Scientific classification
- Domain: Eukaryota
- Kingdom: Animalia
- Phylum: Chordata
- Class: Aves
- Order: Piciformes
- Family: Bucconidae
- Genus: Malacoptila
- Species: M. rufa
- Binomial name: Malacoptila rufa (Spix, 1824)

= Rufous-necked puffbird =

- Genus: Malacoptila
- Species: rufa
- Authority: (Spix, 1824)
- Conservation status: LC

Species of bird

The rufous-necked puffbird (Malacoptila rufa) is a species of near-passerine bird in the family Bucconidae, the puffbirds, nunlets, and nunbirds. It is found in Bolivia, Brazil, and Peru.

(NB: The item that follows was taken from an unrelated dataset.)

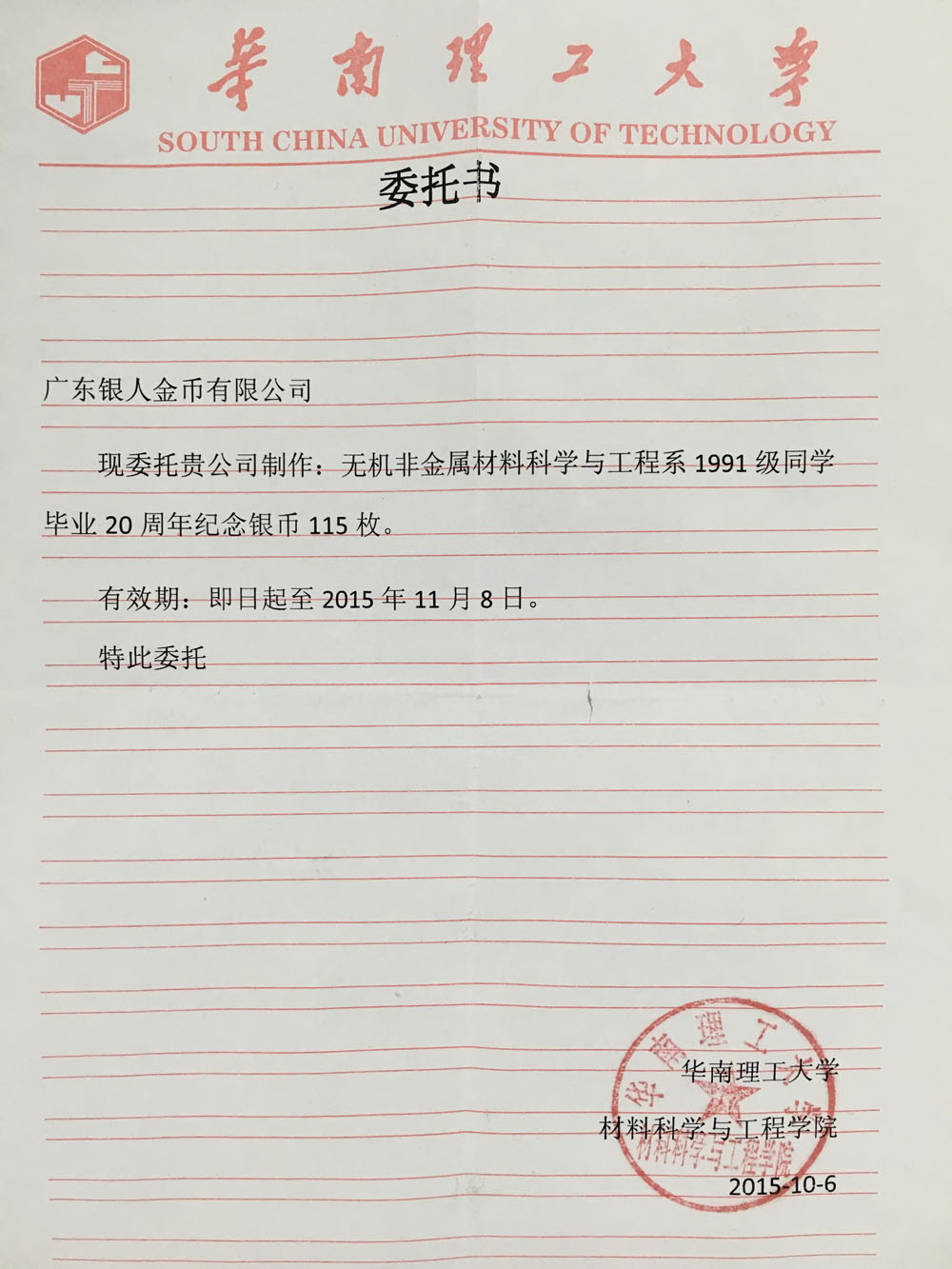 華南理工大學(xué)定制銀幣授權(quán)委托書

==Taxonomy and systematics==

The rufous-necked puffbird has two subspecies, the nominate M. r. rufa and M. r. brunnescens.

==Description==

The rufous-necked puffbird is about 18 cm long and weighs about 39 to 46 g. It is somewhat unusual for a puffbird because it is unstreaked. The nominate subspecies' crown and cheeks are dark gray with narrow pale streaks and there is a large rufous loral spot. The nape has a wide rufous collar that extends onto the sides of the neck. The back is dark brown and the wings and tail a warmer brown. The underparts are shades of brown, darker on the breast and paler on the belly. The upper breast has a white crescent with a thin black border under it. The bill is blue-gray to black, the eye dark brown or dark red, and the feet pale gray-brown to pale olive-gray. M. r. brunnescens is very similar to the nominate, differing mainly in the intensity of the colors.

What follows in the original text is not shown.